Encrypting Data

Encrypting Data Using Auto-Encoders

The overall procedure is as below.

Procedure

Training Set And Mapping

We generate a very long string (Around 1000 - 1500 words) for training. This is again generated by randomly shuffling characters from UTF-8 printable characters.

Code for same is below.

def sequence(word_length):
    # All utf-8 characters
    characters = [chr(i) for i in range(32, 123)]
    # Shuffle them
    random.shuffle(characters)
    # Add to string
    word = "".join(characters[:word_length])
    return word


def random_paragraph_generator():
    # Generate random number of words
    no_of_words = random.randint(1000, 1500)
    para = ""
    # Random Word length.
    for i in range(no_of_words):
        word_length = random.randint(1, 10)
        word = sequence(word_length)
        para += word
        para += " "

    # Encode in UTF-8 and return
    return para.encode("utf-8")

We now have a long paragraph. We simply one hot encode the paragraph.
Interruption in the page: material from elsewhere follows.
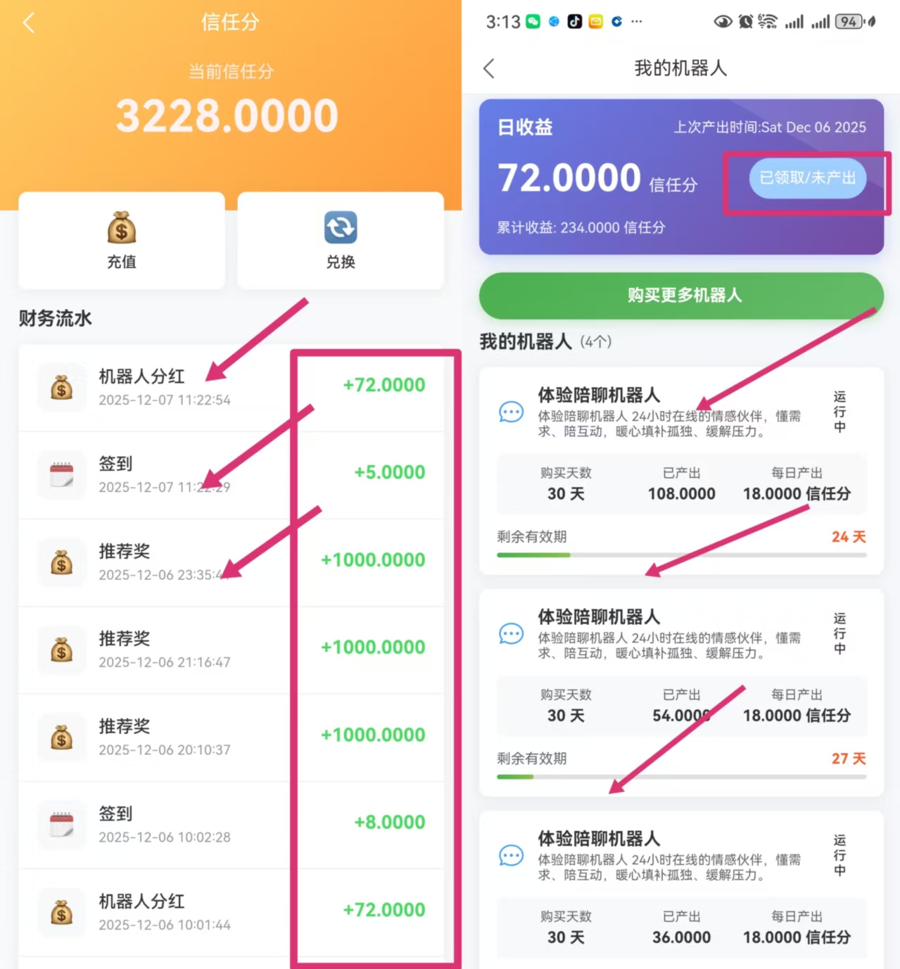 ①零撸会员每天领取陪聊机器人奖励,和签到奖励和,爆粉红包+团队加成!

Here our hashmap is slight hint of supervision to learn latent distribution.

To learn a latent distribution, we train encoder and decoder.

Encoder and Decoder

The inputs of encoder are one-hot encoded data, and is hinted with labels of hashmap. Thus we train encoder from one-hot encoded data to hashmap, learning a latent distribution (function approximation)

The outputs of encoder are passed as inputs to decoder. The decoder learns to reconstruct back the given plain text from latent distribution. The decoder outputs back one-hot encoded data, which is very simple to decode.

We implemented this logic in tensorflow.keras API.

Training

We train Encoder and Decoder with Mean Squared Error Loss, Adam Optimizer.

We keep a small learning rate around 1e-3.

Since there are not many gradients to compute, batch size is kept dynamic as per tensorflow using None.

Training both Encoder and Decoder Jointly takes around 3-4 mins over CPU and 2 mins over GPU.

Ensembling Networks

Once we have trained one set of enocder (encrypter) and decoder (decrypter). We can use similar configuration and train another. We trained 2 such set of encrypter and decrypters. Both had slightly different mapping, created by mapping algorithm. Encrypter, Decrypter small network had hashmap with encoding size 32 and a larger with encoding size 56. This allows us to create secure networks, by ensembling them.

Encrypting With Ensemble Networks

We have 2 sets of encrypters and decrypters this case. Now we can use each of them to encrypt new data, we can mark each of them with IDs We create a cryptographically secure random number which will allocate each ID to parts of long text data. Thus networks can encrypt the data allocated to them. The IDs allocated to them is used as a public key.